Warning message in bitr(gene, fromType = "ENTREZID", toType = c("ENSEMBL", "SYMBOL"), :
“0.48% of input gene IDs are fail to map...”

A data.frame: 242 × 3
	ENTREZID	ENSEMBL	SYMBOL
	<chr>	<chr>	<chr>
1	4312	ENSG00000196611	MMP1
2	8318	ENSG00000093009	CDC45
3	10874	ENSG00000109255	NMU
4	55143	ENSG00000134690	CDCA8
5	55388	ENSG00000065328	MCM10
6	991	ENSG00000117399	CDC20
7	6280	ENSG00000163220	S100A9
8	2305	ENSG00000111206	FOXM1
9	9493	ENSG00000137807	KIF23
10	1062	ENSG00000138778	CENPE
11	3868	ENSG00000186832	KRT16
12	4605	ENSG00000101057	MYBL2
13	9833	ENSG00000165304	MELK
14	9133	ENSG00000157456	CCNB2
15	6279	ENSG00000143546	S100A8
16	10403	ENSG00000080986	NDC80
17	8685	ENSG00000019169	MARCO
18	597	ENSG00000140379	BCL2A1
19	7153	ENSG00000131747	TOP2A
20	23397	ENSG00000121152	NCAPH
21	6278	ENSG00000143556	S100A7
22	79733	ENSG00000129173	E2F8
23	259266	ENSG00000066279	ASPM
24	1381	ENSG00000166426	CRABP1
25	3627	ENSG00000169245	CXCL10
26	27074	ENSG00000078081	LAMP3
27	6241	ENSG00000171848	RRM2
28	55165	ENSG00000138180	CEP55
29	9787	ENSG00000126787	DLGAP5
30	7368	ENSG00000174607	UGT8
⋮	⋮	⋮	⋮
214	64499	ENSG00000197253	TPSB2
215	54829	ENSG00000106819	ASPN
216	54829	ENSG00000292224	ASPN
217	1524	ENSG00000168329	CX3CR1
218	10234	ENSG00000128606	LRRC17
219	1580	ENSG00000142973	CYP4B1
220	10647	ENSG00000124935	SCGB1D2
221	25893	ENSG00000162722	TRIM58
222	24141	ENSG00000125869	LAMP5
223	10351	ENSG00000141338	ABCA8
224	2330	ENSG00000131781	FMO5
225	5304	ENSG00000159763	PIP
226	79846	ENSG00000105792	CFAP69
227	8614	ENSG00000113739	STC2
228	2625	ENSG00000107485	GATA3
229	7021	ENSG00000008196	TFAP2B
230	7802	ENSG00000163879	DNALI1
231	79689	ENSG00000127954	STEAP4
232	11122	ENSG00000196090	PTPRT
233	55351	ENSG00000152953	STK32B
234	9	ENSG00000171428	NAT1
235	4239	ENSG00000166482	MFAP4
236	5241	ENSG00000082175	PGR
237	10551	ENSG00000106541	AGR2
238	10974	ENSG00000148671	ADIRF
239	79838	ENSG00000103534	TMC5
240	79901	ENSG00000071967	CYBRD1
241	57758	ENSG00000175356	SCUBE2
242	4969	ENSG00000106809	OGN
243	4969	ENSG00000291350	OGN

Lets see from our examples:

mutate(ego, qscore = -log(p.adjust, base=10)) %>% 
    barplot(x="qscore") + ggtitle("Bar plot from the ORA  above")

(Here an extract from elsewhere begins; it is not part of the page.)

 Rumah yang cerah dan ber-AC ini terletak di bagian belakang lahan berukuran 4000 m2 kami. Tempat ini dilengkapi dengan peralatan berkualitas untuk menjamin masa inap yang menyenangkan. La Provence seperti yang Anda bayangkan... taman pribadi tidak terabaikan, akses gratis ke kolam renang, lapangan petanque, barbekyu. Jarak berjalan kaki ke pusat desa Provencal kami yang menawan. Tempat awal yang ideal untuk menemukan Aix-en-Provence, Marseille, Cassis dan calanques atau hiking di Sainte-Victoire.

edox <- setReadable(ego, 'org.Hs.eg.db', 'ENTREZID') # Convert to symbol
p <- cnetplot(edox, foldChange=geneList, circular = TRUE, colorEdge = TRUE)
p

A very informative plot is a heatplot which you can generate like this:

p1 <- heatplot(edox, showCategory=5) # Show category dictates show many genesets you see
p2 <- heatplot(edox, foldChange=geneList, showCategory=5)
cowplot::plot_grid(p1, p2, ncol=1, labels=LETTERS[1:2])

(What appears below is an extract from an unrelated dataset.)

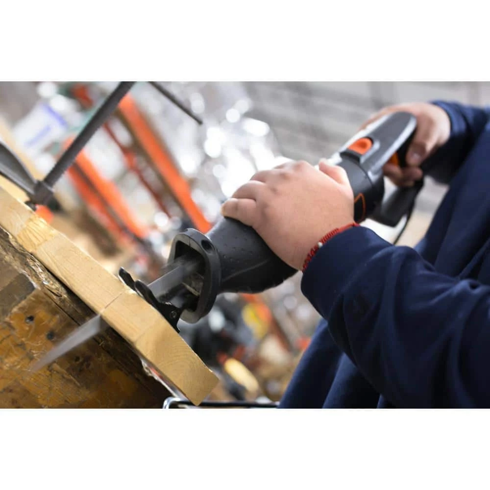 Remember when you could saw through wood, metal, drywall, rubber, plastics, plaster and more. The WEN 10 Amp Corded 8-Position Variable Speed Reciprocating Saw makes easy work out of a variety of materials. The 10 Amp motor combined with the pressure sensitive trigger provide anywhere from 0 to 2800 strokes per minute. Featuring a 1-1/10 in. stroke, take on wood up to 4-1/2 in. thick and metal up to 3/5 in. thick. With stops every 45 °s, pivot the rotating head in up to eight different positions depending on the needs of the project at hand. The adjustable shoe helps provide additional support when sawing while the trigger lock keeps the saw running even after you let go of the trigger. The lightweight ergonomic design features a soft rubber-grip front handle, contoured to fit the grooves of your hand for maximum comfort during operation. The twist-lock quick-release blade holder allows for easy blade changes without the need of outside tools. And because its a WEN product, your reciprocating saw comes backed by a two-year warranty and a friendly customer help line all to make sure you remember WEN.

One of the most useful ones I find to be the upset plot. For over-representation analysis, upsetplot will calculate the overlaps among different gene sets and for GSEA result, it will plot the fold change distributions of different categories.

upsetplot(ego3)

options(repr.plot.height=20)
ridgeplot(ego3)

Picking joint bandwidth of 0.223

Lastly we have: Running score and preranked list are traditional methods for visualizing the results of Gene Set Enrichment Analysis (GSEA). These visualizations help to understand how a particular gene set is enriched along the ordered gene list, as well as how the enrichment score changes as you progress through the gene list.

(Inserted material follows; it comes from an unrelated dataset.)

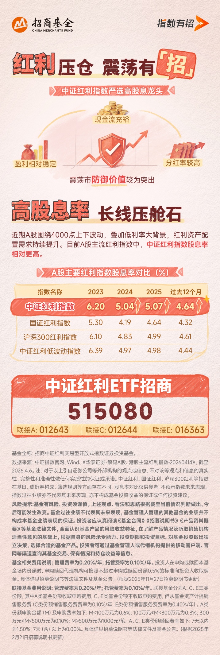 且中证红利ETF招商(515080)自成立以来,累计回报102.18%,相对业绩比较基准超额收益率达71.28%。在低利率环境延续、居民储蓄搬家的大趋势下,红利资产有望持续获得长线资金的青睐。对于希望降低组合波动、获取稳健现金流的投资者而言,该产品或提供了一个能够对抗市场波动的长期配置工具。

p1 <- gseaplot(ego3, geneSetID = 1, by = "runningScore", title = ego3$Description[1])
p2 <- gseaplot(ego3, geneSetID = 1, by = "preranked", title = ego3$Description[1])

options(repr.plot.height=10)
cowplot::plot_grid(p1, p2, ncol=1, labels=LETTERS[1:3])

Running Score Plot Interpretation

The running score plot illustrates how the enrichment score (ES) accumulates as you move through the ranked gene list. The key features to observe are:

Sharp Peaks: A sharp rise indicates that a cluster of genes from the pathway is highly ranked, contributing strongly to enrichment.
Peak Position: The x-axis location of the peak corresponds to where the pathway’s genes are most enriched within the ranked list.
Running Score Return: If the score drops back down, it suggests that the pathway genes are not uniformly distributed across the gene list.